A demonstrator runs on the third night of protests sparked by the fatal police shooting of a 17-year-old driver in the Paris suburb of Nanterre, France, Friday, June 30, 2023. (AP Photo/Aurelien Morissard)
A demonstrator runs on the third night of protests sparked by the fatal police shooting of a 17-year-old driver in the Paris suburb of Nanterre, France, Friday, June 30, 2023. (AP Photo/Aurelien Morissard)

French President Emmanuel Macron convened his cabinet for a second crisis meeting in two days on Friday, after the most destructive night of nationwide rioting yet in protest at the fatal shooting of a teenager by police.
Hundreds of police were injured and hundreds of people arrested, authorities said, as rioters clashed with officers in towns and cities across France and buildings and vehicles were torched and stores looted, Reuters said.
Interior Minister Gerald Darmanin, who deployed 40,000 officers on Thursday night in a bid to quell a third night of unrest, said on Twitter that police made 667 arrests.
Violence hit Marseille, Lyon, Pau, Toulouse and Lille as well as parts of Paris, including the working class suburb of Nanterre, where 17-year-old Nahel M. - who was of Algerian and Moroccan descent - was shot dead on Tuesday during a traffic stop.
Nationwide, 249 police were injured, authorities said.
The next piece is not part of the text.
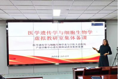 活动中,医学遗传学与细胞生物学系主任王娅娜教授详细讲解了医学遗传学课程的教学目标、内容体系及教学改革思路,为课程融合筑牢基础。宁医大总医院产前诊断中心李美娟医生就“临床中遗传病的诊断与治疗”进行试讲,通过真实病例生动呈现遗传病诊断流程、分子检测技术及临床干预方法,展示了临床遗传学的教学价值。

Macron, who has so far ruled out declaring a state of emergency, was due to fly back early from a European summit in Brussels to meet with his cabinet at 1100 GMT.
In a tweet, Prime Minister Elisabeth Borne called the violence "intolerable and inexcusable" and reaffirmed her support for police and firefighters who were "bravely carrying out their duties".
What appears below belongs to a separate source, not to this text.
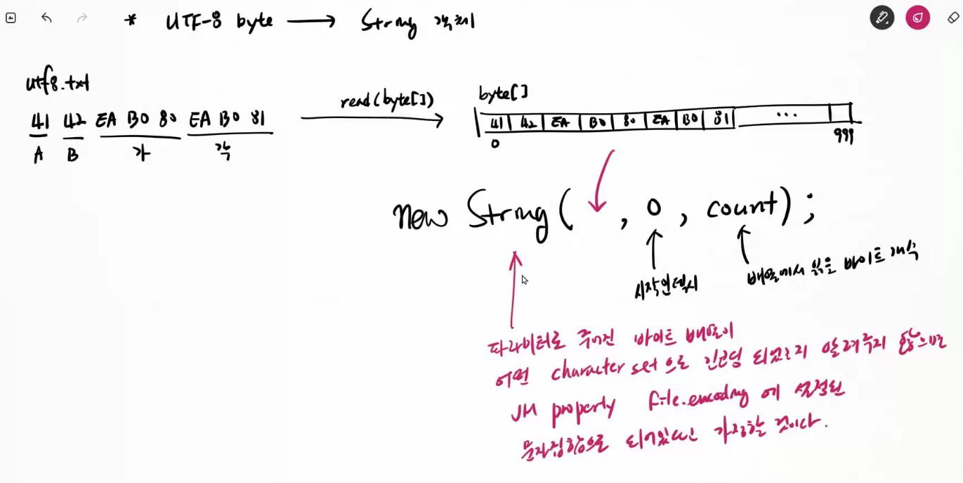 // - 바이트 배열은 UTF-8로 인코딩 되었는데,

Some western governments had earlier warned their citizens in France to exercise caution.
Americans "should avoid mass gatherings and areas of significant police activity," the US embassy said in a tweet on Thursday, while UK authorities urged Britons to monitor the media, avoid protests and check advice when traveling.
Videos on social media showed urban landscapes ablaze across the country. A tram was set alight in the eastern city of Lyon and 12 buses gutted in a depot in Aubervilliers, northern Paris.
Transport Minister Clement Beaune told RMC radio he did not rule out shutting down the capital's public transport network early on Friday.
FLASHPOINT NANTERRE
In Nanterre on the city's outskirts, protesters torched cars, barricaded streets and hurled projectiles at police following an earlier peaceful vigil held to pay tribute to the dead boy.
In the Chatelet Les Halles shopping mall in central Paris, a Nike shoe store was broken into, and several people were arrested after store windows were smashed along the adjacent Rue de Rivoli shopping street, Paris police said.
A source told Reuters that several Casino supermarkets were looted across the country.
Paris police said they had made 307 arrests in and around the city and that nine police and fire officers had been injured.
Nahel M.'s death has fuelled longstanding complaints of police violence and systemic racism inside law enforcement agencies from rights groups and within the low-income, racially mixed suburbs around France's major cities.
The policeman who prosecutors said had acknowledged firing a lethal shot at the teenager was on Thursday placed under formal investigation for voluntary homicide - equivalent to being charged under Anglo-Saxon jurisdictions. He is being held in preventive detention.
His lawyer, Laurent-Franck Lienard, said his client had aimed down towards the driver's leg but was bumped, causing him to shoot towards his chest. "Obviously (the officer) didn't want to kill the driver," Lienard said on BFM TV,
Overnight in southern France, police fired tear gas grenades and Marseille's tourist hot-spot of Le Vieux Port was evacuated as youths clashed with police. Police there said they had made 56 arrests and that 38 officers had been injured.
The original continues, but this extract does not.